Rather than joining in on the controversy of whether or not Google has really achieved quantum supremacy , I want to focus on some more basic questions: what is quantum supremacy, how does one demonstrate quantum supremacy and why is this such an important milestone?

At its core the idea of quantum supremacy is quite straightforward: use a quantum computational device to perform a task that cannot be performed on a classical computer. Because the task itself does not need to be useful in any way, it can be tailor-made to take maximal advantage of the strengths of the quantum computer while containing as little structure as possible. The latter makes it harder to simulate classically. The simplest such experiment is to sample outcomes from random circuits that contain a lot of entangling gates, so that non-classical states are created. However, simply doing random things that are hard to simulate is not enough, after all, scattering laser light of a dust particle creates a similarly hard to simulate interference pattern but we would not call that a computation. The quantum computational device must involve some degree of programmability, otherwise it is just an elaborate physics experiment that is hard to simulate.

The experiment is performed on a device containing a grid of 53 2 superconducting qubits that are operating in the circuit based paradigm for quantum computing. A key feature of these types of devices is that they are fully programmable, one can in principle execute any quantum circuit on them 3. The computational task is to determine the distribution of outcome probabilities one gets after applying a pseudo-random circuit to the system. The pseudo random circuits are composed of multiple layers that perform random single qubit gates on all qubits simultaneously followed by a specific two qubit gate on specific pairs of qubits.

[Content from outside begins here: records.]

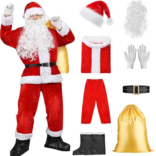 KASTOBSのサンタクロース衣装8点セットは、厚手の大人用コスプレ用コスチュームです。クリスマスや新年会、文化祭などのイベントやパーティーに最適です。サイズはLです。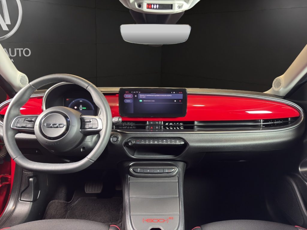 Marchi Auto propone Fiat 600e Red 54Kw usata, motore ZEuro alimentato a Elettrica, cambio automatico a 1 marce, cavalli fiscali / 62 kwatt. Carrozzeria di colore rosso pastello, auto omologata per 5 persone. Gli interni di questa FIAT 600e sono in tessuto colore grigio. Optionals inclusi nel prezzo: ABS, Airbag, Airbag laterali, Airbag Passeggero, Airbag testa, Autoradio, Autoradio digitale, Bluetooth, Bracciolo, Chiusura centralizzata, Climatizzatore, Controllo trazione, Cruise Control, ESP, Fari LED, Fendinebbia, Frenata d'emergenza assistita, Immobilizzatore elettronico, Sensore di luce, Sensore di pioggia, Sensori di parcheggio posteriori, Servosterzo, Specchietti laterali elettrici. MARCHIAUTO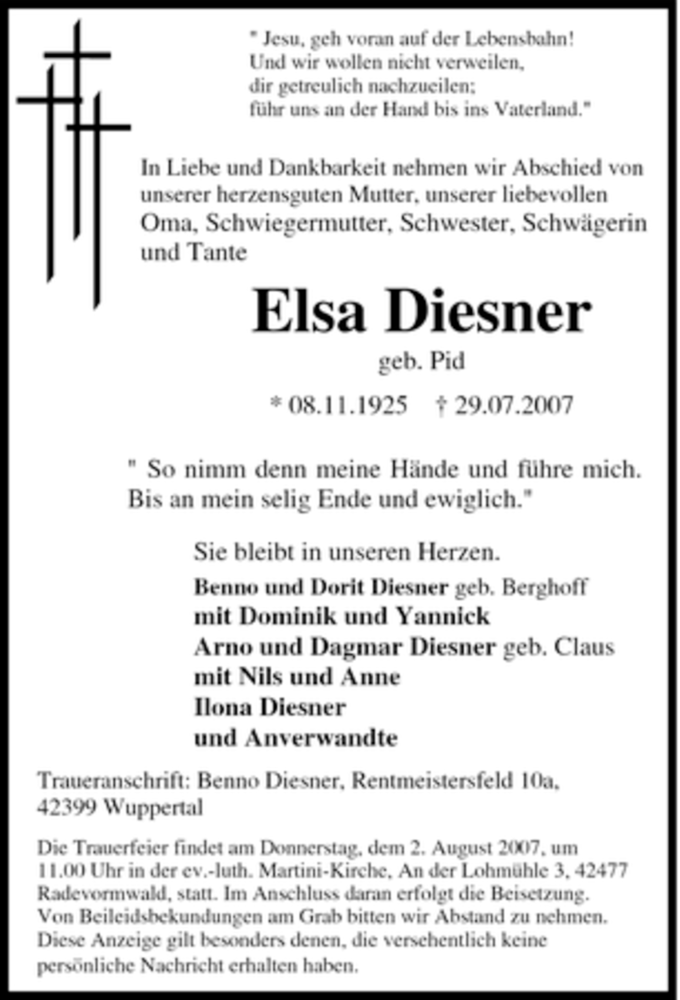 Hier finden Sie alle Traueranzeigen aus der Zeitung, die bisher für Elsa Diesner erschienen sind. Weitere Traueranzeigen, die in der Zeitung erscheinen, werden hier ebenfalls aufgelistet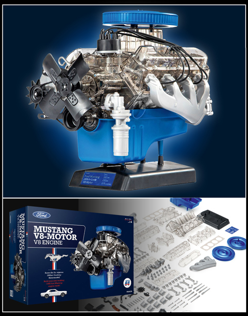 Moteur Ford Mustang V8 K-code 1965 Réplique entièrement fonctionnelle 200 pièces à monter soi-même - Socle de présentation inclus Bouton de mise en marche avec cycle "son et lumières" Reproduction sonore du moteur - Fonctionne avec 3 piles AAA Livret avec les instructions de montage Echelle 1/3 199,95 € TTC / Incl. Taxes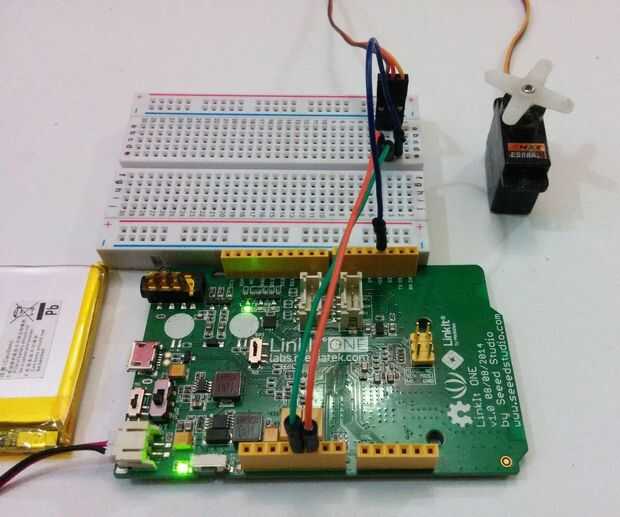 En este tutorial voy a mostrarte cómo conectar un servo a internet y controlar el ángulo del servo utilizando un navegador web. Tengo un tutorial anterior donde te muestro cómo empezar con un servo usando un LinkIt.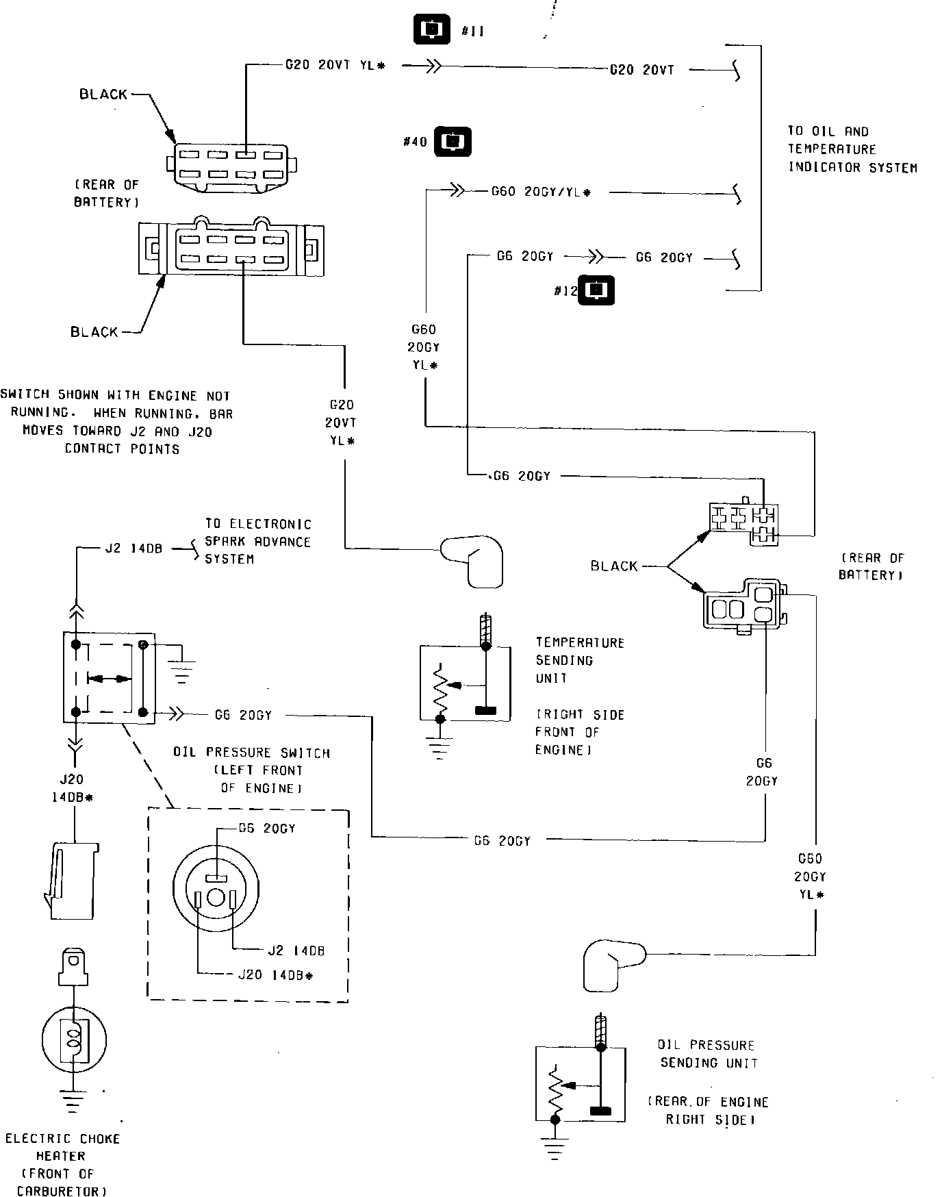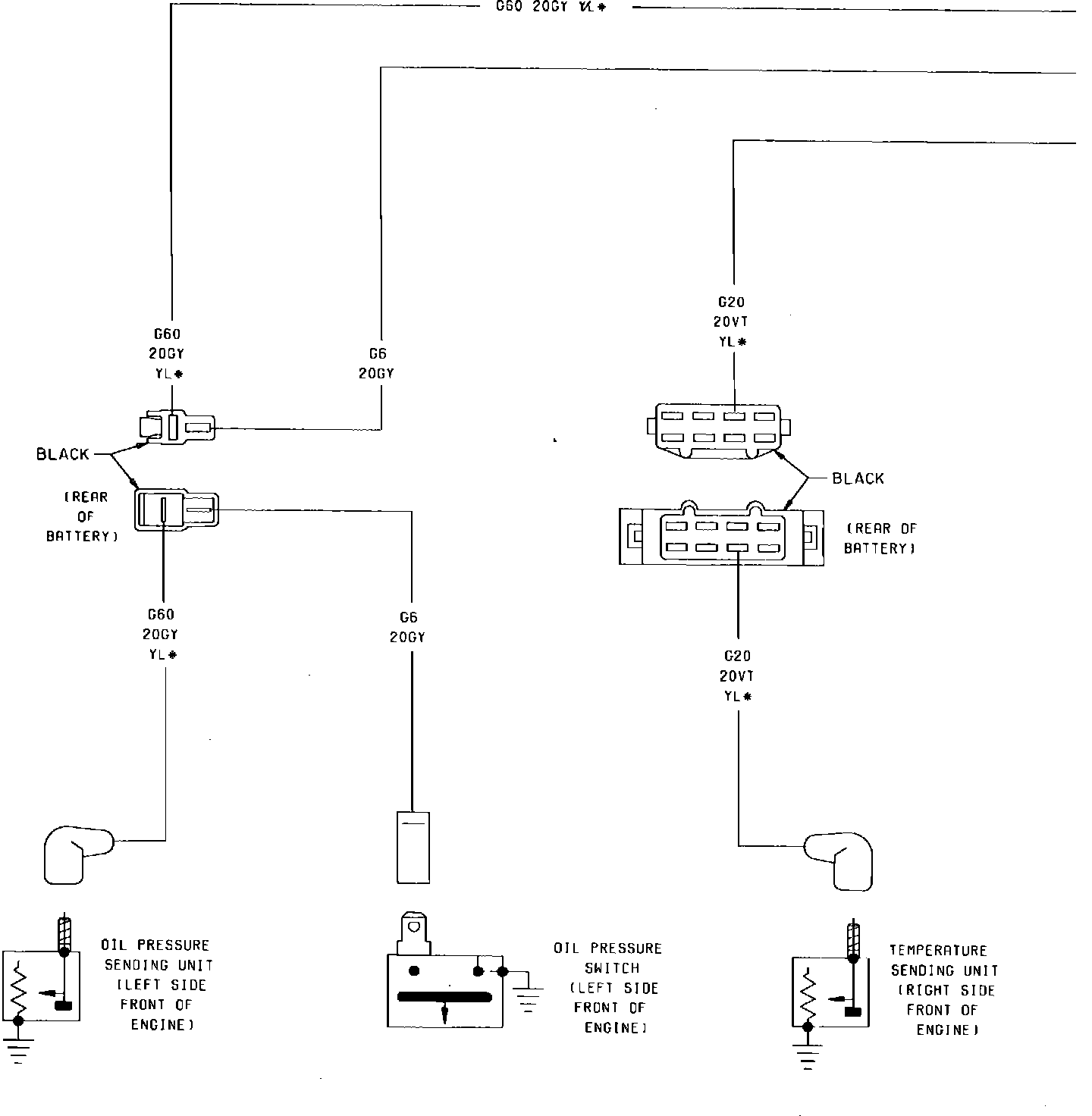 Fig. 60 Oil Pressure & Temperature Switch Wiring Circuit. 1985 W/2.2 Litre Engine, Less EFI:

The moment we have a device capable of achieving quantum supremacy, a very interesting problem arises: if we cannot solve the chosen problem classically, how do we verify that the quantum computer is working and not just producing random garbage bits as output? After all, the solution to this problem cannot easily be verified as is the case in for example prime factorization. The key to this problem lies in a combination of control circuits and finding a way to quantify how well the bit outcomes of the computational device correspond to the expected outcomes. For highly entangled states the distribution of bit outcomes is not uniformly random but rather follows a specific distribution 4. Because of the nature of highly entangled states, even a single error in the circuit results in a very different distribution. Because of this, the deviation of the observed distribution with respect to the expected one forms a good means of quantifying circuit performance. This is expressed as the so-called linear cross-entropy benchmarking fidelity $F_{\mathrm{XEB}}$.

Because evaluating $F_{\mathrm{XEB}}$ still requires comparing to the expected distribution, and thus simulating the circuit, the authors needed to play some tricks in order to trust the outcomes in the supremacy regime. The authors performed three different variants of the pseudo random circuits. “Patch” circuits in which a slice of two-qubit gates is removed to create two non-interacting patches of qubits. “Elided” circuits where only a fraction of the gates between the patches is removed, and full “verification” circuits in which all gates are present. Both the “patch” and “elided” circuits are designed to reduce the amount of entanglement involved so that it is feasible to simulate the experiments and thus determine $F_{\mathrm{XEB}}$. In addition to these three types of circuits the Google team performed a careful characterization of all operations (single- and two-qubit gates, readout) to be able to predict $F_{\mathrm{XEB}}$ as they increased the number of qubits.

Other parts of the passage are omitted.